The FAB-500 is a Soviet-designed  general purpose air-dropped bomb with a high-explosive warhead, primarily used by the Russian Air Force, former Soviet republics and customer countries. The original M-54 model was rolled out in 1954, shaped for internal carriage by heavy bombers, a low-drag M-62 version in 1962 was intended for fighter bomber external hardpoint carriage.
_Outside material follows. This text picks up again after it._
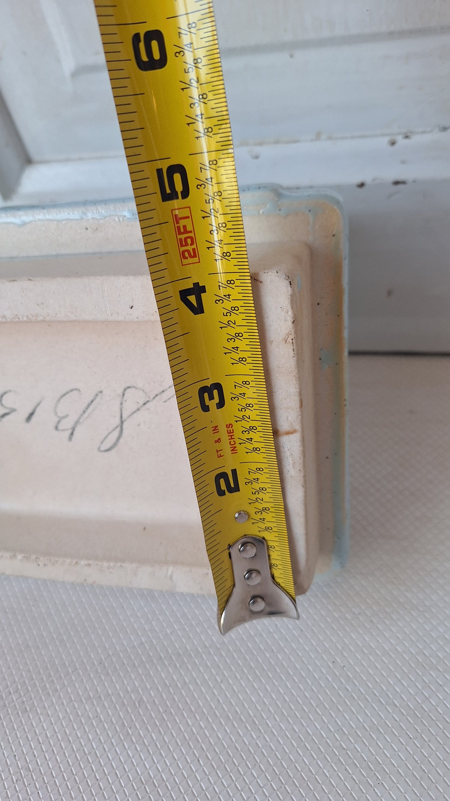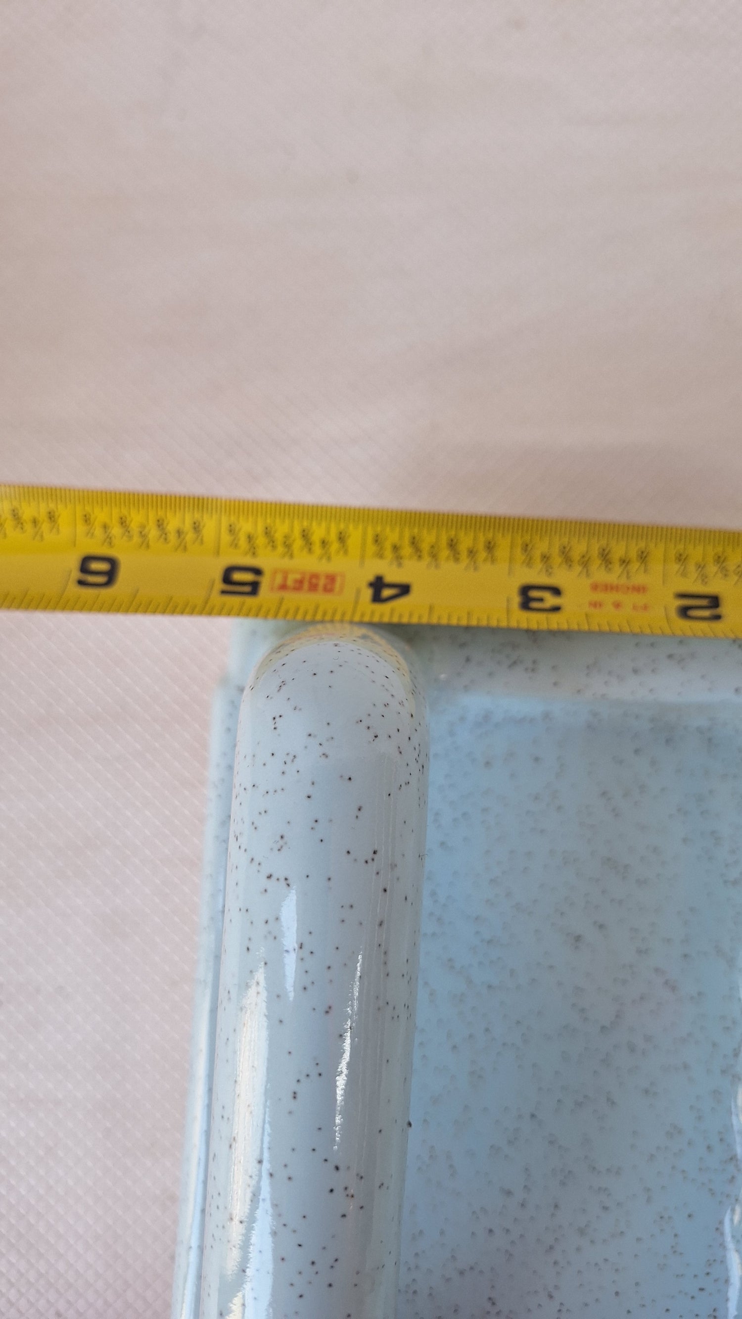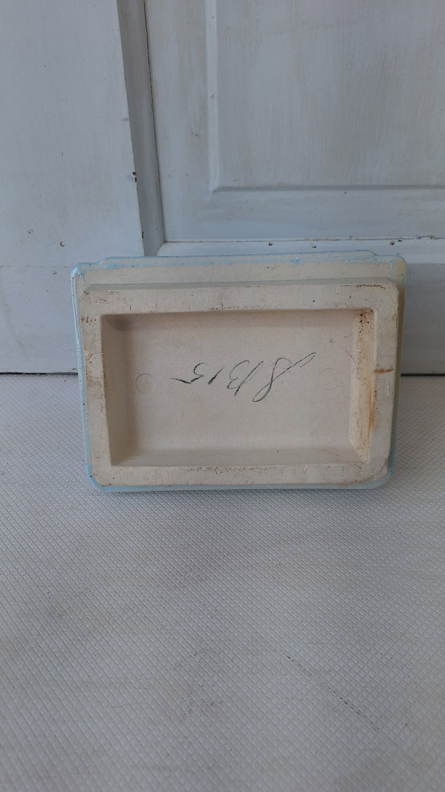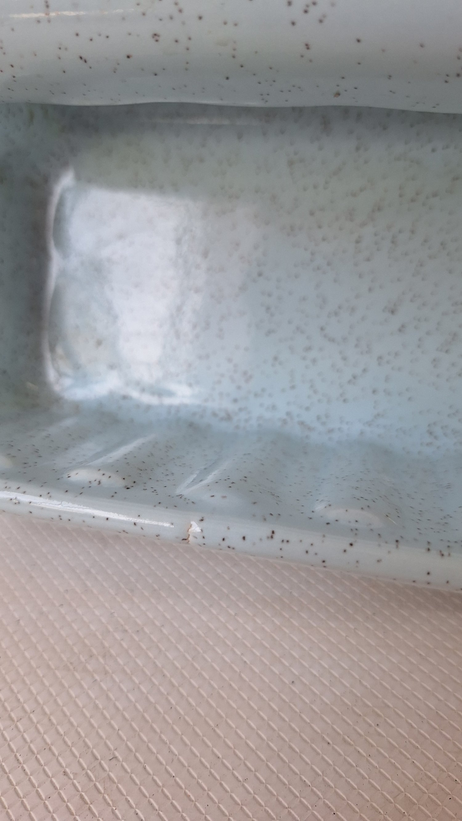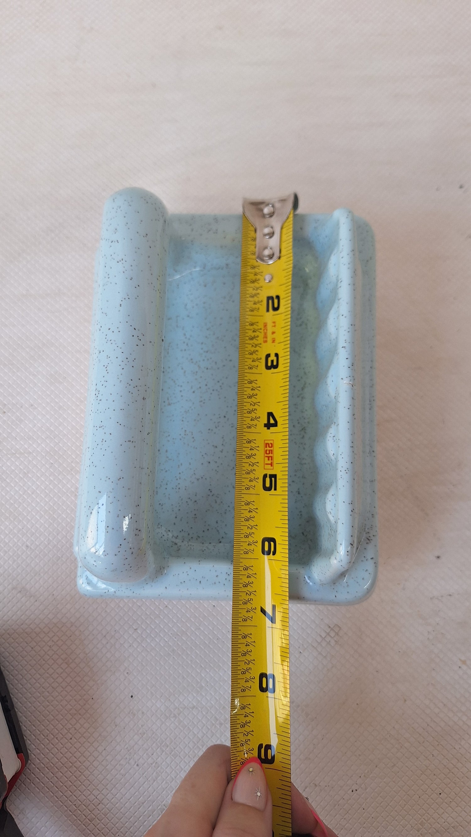A vintage ceramic built-in soap dish for a shower or bathroom; light blue with brown flecks. This piece is in very good condition. It is very clean on the back and will be easy to prep for reinstallation. These are great space savers and a good way to add vintage charm to a new bathroom (or complete an older one). There is one imperfection in the glaze as shown in the close up photos. Otherwise, this piece is in excellent condition.

The bomb is unguided, features a single nose fuze, and is compatible with most models of Soviet aircraft.

Operational history 
The FAB-500 was largely employed over Afghanistan by Soviet and allied Afghan forces during the 1980s and saw use during the Syrian civil war where it was carried by both Russian and Syrian warplanes. The M62 variant of the FAB-500 was used by Russian military forces in the 2022 Russian invasion of Ukraine. On 13 March 2022 and 14 May 2022, FAB-500 bombs were found in Ukrainian cities Chernihiv and Odesa.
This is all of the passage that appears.